My dad probably hesitated a bit. He would have wanted to remain loyal to the memory of the Beatles, but he knew in fact that some of their material was mediocre at best.
“The best,” my mom said.
Someone gave me a homemade CD copy of “1,” (still a bit obscure in 1999) and it was well-loved and scratched within a week. I didn’t know what the song titles were, so I made the track list up myself. When I checked them perhaps years later, some of them, like “Yesterday,” were spot on. Others were called things like, “Blue Suburban Skies,” “Christ, You Know It Ain’t Easy,” and “Back to Where You Once Belonged.” I pinned the original picture from the paper on my wall. And I started asking questions.
Suddenly all I wanted to know was about the music my parents listened to when they were growing up. Then all I wanted to know was each story that went with the songs. First they told me where they were when the Beatles arrived in the United States, where they were during that first Ed Sullivan TV show. That continued with every other “parent-era” icon I discovered: Hendrix, the Stones, Van Morrison, Heart, Supertramp…
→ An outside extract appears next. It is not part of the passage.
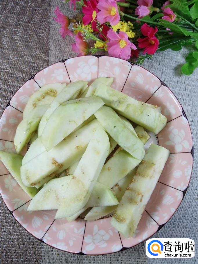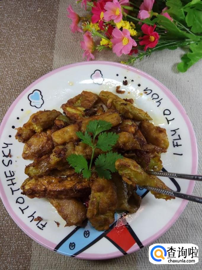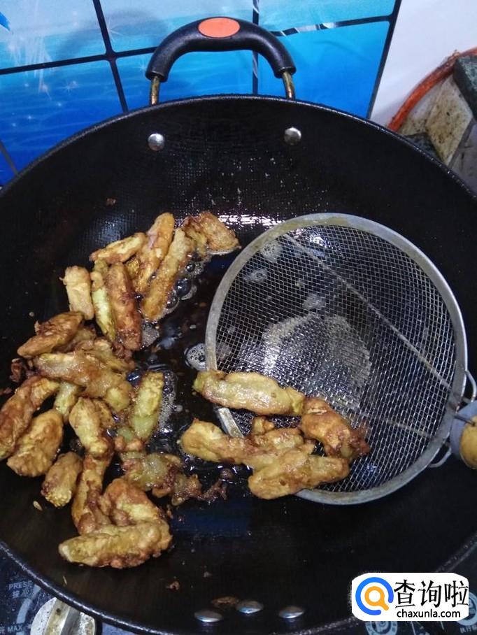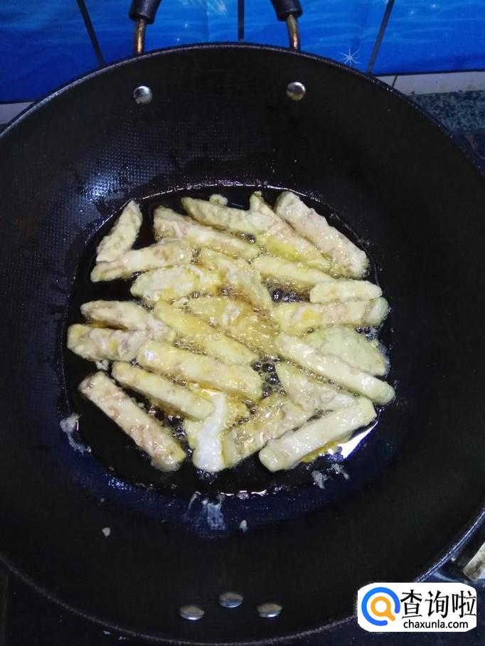 炒锅中放入适量油,油温五成热后,将茄条放入锅中,小火慢炸,注意火候,火不能大,否则容易炸焦,影响口感。

But it’s with the Beatles that I’ve developed some of the best memories of my own. They’ve brought me closer to some of my best friends, and they’ve made me realize some of my worst friends. My best friend back home was Em, who was new to my school in 8th grade. Even then I think I knew that she would become a great person, but I never knew she was going to be my friend. By the end of week one, she had somehow proven her astounding knowledge of Beatles trivia, and I was not to be outdone. I swore she was my rival. That was the year my grades started to slip, and I focused on academics less. I’m not blaming the Beatles… but maybe it was the fact that I started making flash cards for their notable recording dates rather than my science class. Anyway, by the end of week two of knowing her we were best friends. I guess if you can’t beat ’em, join ’em.
Eventually my passion led me to disassociate myself with some so-called friends. In 10th grade, this kid came up to me and said that his pastor had told him not to listen to the Beatles, and that they were un-Christian. Then he handed me a packet of quotes and song lyrics and famous musicians that his pastor (or something) had deemed sacrilegious (or something). It included some admittedly incriminating quotes by Metallica and Kurt Cobain, but there were also some lines by artists like James Taylor and Joni Mitchell. James Taylor and Joni Mitchell! “The secret o’ life is enjoying the passage of time” and “bows and flows of angel hair and ice cream castles in the air”?!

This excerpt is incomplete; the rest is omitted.